[Exercise goal]: From the entries below, transcribe exactly the lines between the line holding "Minimal and unique" and the line holding "3、在时间筛选弹窗中选择目标", inclusive; skip all other lines.

[Task data]:
※
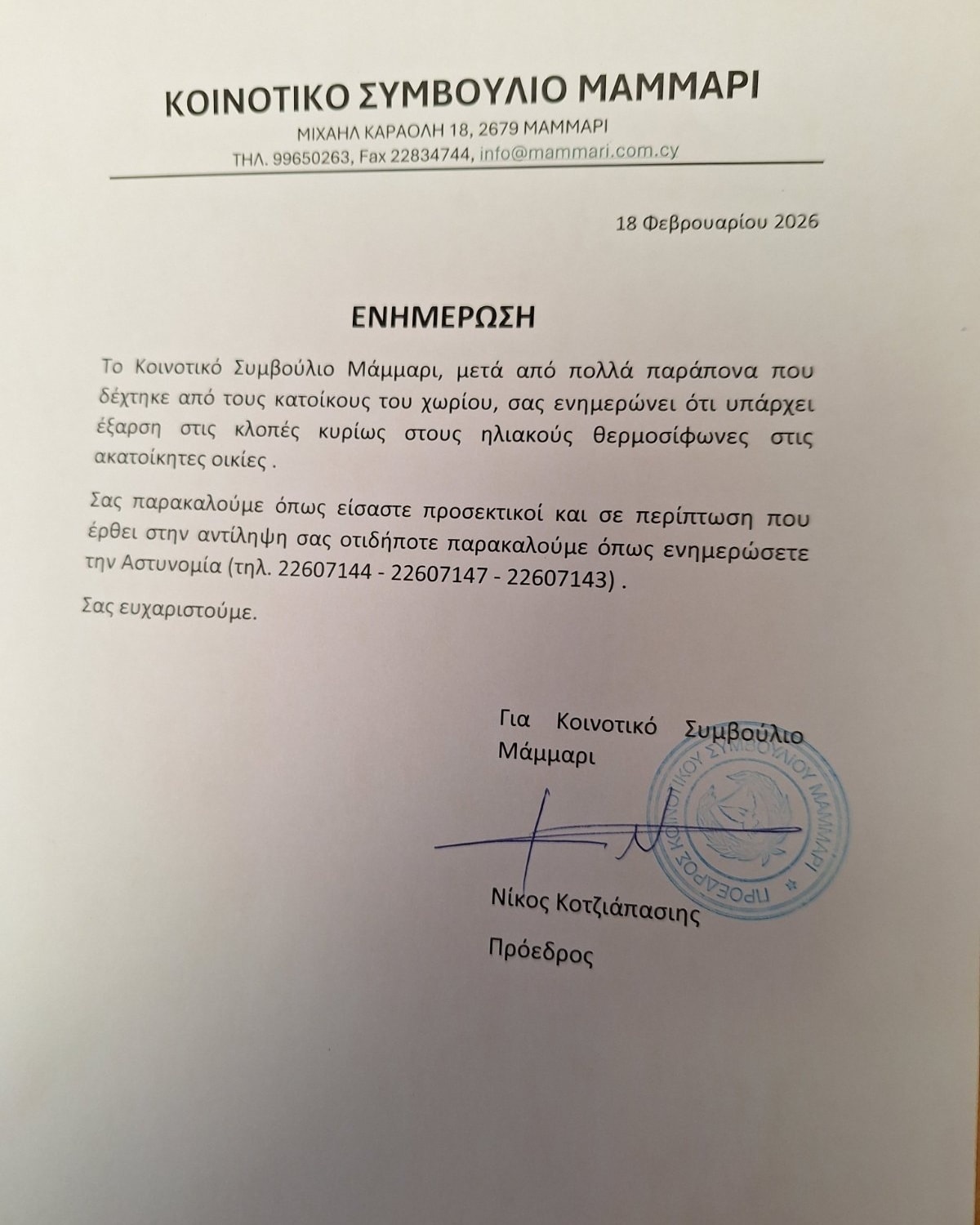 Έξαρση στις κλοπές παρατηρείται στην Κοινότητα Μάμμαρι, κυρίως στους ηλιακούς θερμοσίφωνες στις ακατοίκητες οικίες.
※
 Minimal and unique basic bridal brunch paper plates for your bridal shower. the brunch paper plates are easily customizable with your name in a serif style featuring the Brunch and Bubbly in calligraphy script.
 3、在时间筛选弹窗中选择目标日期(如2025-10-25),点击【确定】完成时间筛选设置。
※
[Task solution]:
 Minimal and unique basic bridal brunch paper plates for your bridal shower. the brunch paper plates are easily customizable with your name in a serif style featuring the Brunch and Bubbly in calligraphy script.
 3、在时间筛选弹窗中选择目标日期(如2025-10-25),点击【确定】完成时间筛选设置。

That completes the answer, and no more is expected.